See [PyTorch 2 Export Post Training Quantization](https://docs.pytorch.org/ao/main/tutorials_source/pt2e_quant_ptq.html) for more information.

### LLM quantization with quantize_

The Core ML backend also supports quantizing models with the [torchao](https://github.com/pytorch/ao) quantize_ API.  This is most commonly used for LLMs, requiring more advanced quantization.  Since quantize_ is not backend aware, it is important to use a config that is compatible with Core ML:

* Quantize embedding/linear layers with IntxWeightOnlyConfig (with weight_dtype torch.int4 or torch.int8, using PerGroup or PerAxis granularity).  Using 4-bit or PerGroup quantization requires exporting with minimum_deployment_target >= ct.target.iOS18.  Using 8-bit quantization with per-axis granularity is supported on ct.target.IOS16+.  See [Core ML `CompileSpec`](coreml-partitioner.md#coreml-compilespec) for more information on setting the deployment target.
* Quantize embedding/linear layers with CodebookWeightOnlyConfig (with dtype torch.uint1 through torch.uint8, using various block sizes).  Quantizing with CodebookWeightOnlyConfig requires exporting with minimum_deployment_target >= ct.target.iOS18, see [Core ML `CompileSpec`](coreml-partitioner.md#coreml-compilespec) for more information on setting the deployment target.

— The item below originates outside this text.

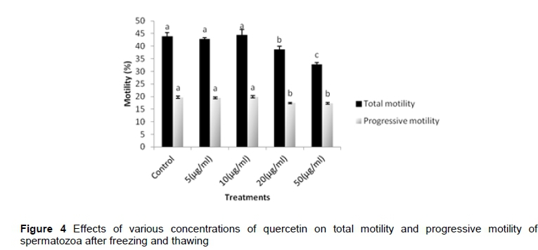 Total motility and progressive motility of frozen-thawed spermatozoa with the addition of 5 and 10 μg/mL of quercetin were not affected in comparison with 0 μg/mL, although they decreased significantly with 20 and 50 μg/mL of quercetin (Figure 4).

Below is an example that quantizes embeddings to 8-bits per-axis and linear layers to 4-bits using group_size=32 with affine quantization:

```python
from torchao.quantization.granularity import PerGroup, PerAxis
from torchao.quantization.quant_api import (
    IntxWeightOnlyConfig,
    quantize_,
)

# Quantize embeddings with 8-bits, per channel
embedding_config = IntxWeightOnlyConfig(
    weight_dtype=torch.int8,
    granularity=PerAxis(0),
)
quantize_(
    eager_model,
    embedding_config,
    lambda m, fqn: isinstance(m, torch.nn.Embedding),
)

# Quantize linear layers with 4-bits, per-group
linear_config = IntxWeightOnlyConfig(
    weight_dtype=torch.int4,
    granularity=PerGroup(32),
)
quantize_(
    eager_model,
    linear_config,
)
```

Below is another example that uses codebook quantization to quantize both embeddings and linear layers to 3-bits.
In the coremltools documentation, this is called [palettization](https://apple.github.io/coremltools/docs-guides/source/opt-palettization-overview.html):

```
from torchao.quantization.quant_api import (
    quantize_,
)
from torchao.prototype.quantization.codebook_coreml import CodebookWeightOnlyConfig

quant_config = CodebookWeightOnlyConfig(
    dtype=torch.uint3,
    # There is one LUT per 16 rows
    block_size=[16, -1],
)

quantize_(
    eager_model,
    quant_config,
    lambda m, fqn: isinstance(m, torch.nn.Embedding) or isinstance(m, torch.nn.Linear),
)
```

Both of the above examples will export and lower to Core ML with the to_edge_transform_and_lower API.